The grant will support efforts to reduce poverty so parents do not have to depend on the labor of their children. Another aim is to give children more access to education.

The money will go toward a new "Framework of Action" related to an international agreement from two thousand one. That agreement is called the Harkin-Engel Protocol. American Senator Tom Harkin and Representative Elliott Engel led negotiations with the chocolate and cocoa industries.

The Department of Labor announced the grant in September, along with seven million dollars promised by the international cocoa industry. The governments of Ghana and Ivory Coast have also promised resources and policy support for the new efforts.

Kevin Willcutts is an official in the Labor Department's Office of Child Labor.

KEVIN WILLCUTTS: "We’re at a point in time when we think we have a real opportunity because with the signing of this joint declaration, the parties are coming together and saying that we share a common commitment to address the situation and to offer children better hope for the future through education."

Daan de Vries is with Utz Certified, a program that tries to create a fair marketplace for agricultural products. Mr. de Vries says some crops are grown closer to cities because they must be processed quickly.

But he says crops like cocoa and coffee are often grown in very rural areas with more poverty and less enforcement of rules.

Bama Athreya directs the International Labor Rights Forum.

BAMA ATHREYA: "There's been a real unwillingness to act that I think is driven by the business proposition of getting cheap child labor to produce the cocoa for quite some time. And that is a major challenge."
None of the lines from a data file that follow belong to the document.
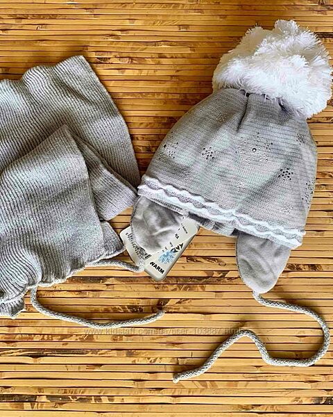 Зимние теплые шапочки с шарфиками польского производителя AGBO для девочек.В наличии.
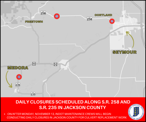 - Monday, Nov. 13 (weather permitting): State Road 258 at mile marker 10 between Seymour and Cortland from approximately 8:30 a.m. to 3 p.m.
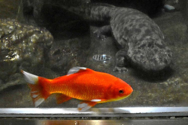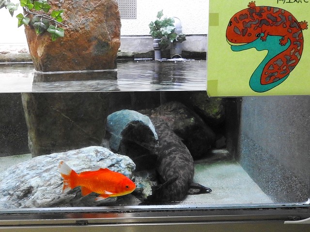 ▼今年夏天,28歲的山椒魚壽終正寢,鯉魚君成為了池子的主人。牠已經長到30公分,看起來很霸氣。工作人員很佩服牠,讓牠成為了這個展示區的主角。水槽原本設定的溫度為15度,適合山椒魚生存,現在變成了適合金魚生存的22度,動物園還放了好幾隻小金魚進去陪伴鯉魚君。

Larry Graham, president of the National Confectioners Association in Washington, represented industry groups at the launch of the framework. He said "Our industry is fully committed to helping even more cocoa farming families through this innovative partnership."

Ivory Coast is the world's largest cocoa grower. But the country has been split in half since a failed overthrow in two thousand two led to armed conflict. A long-delayed presidential election is set for this Sunday.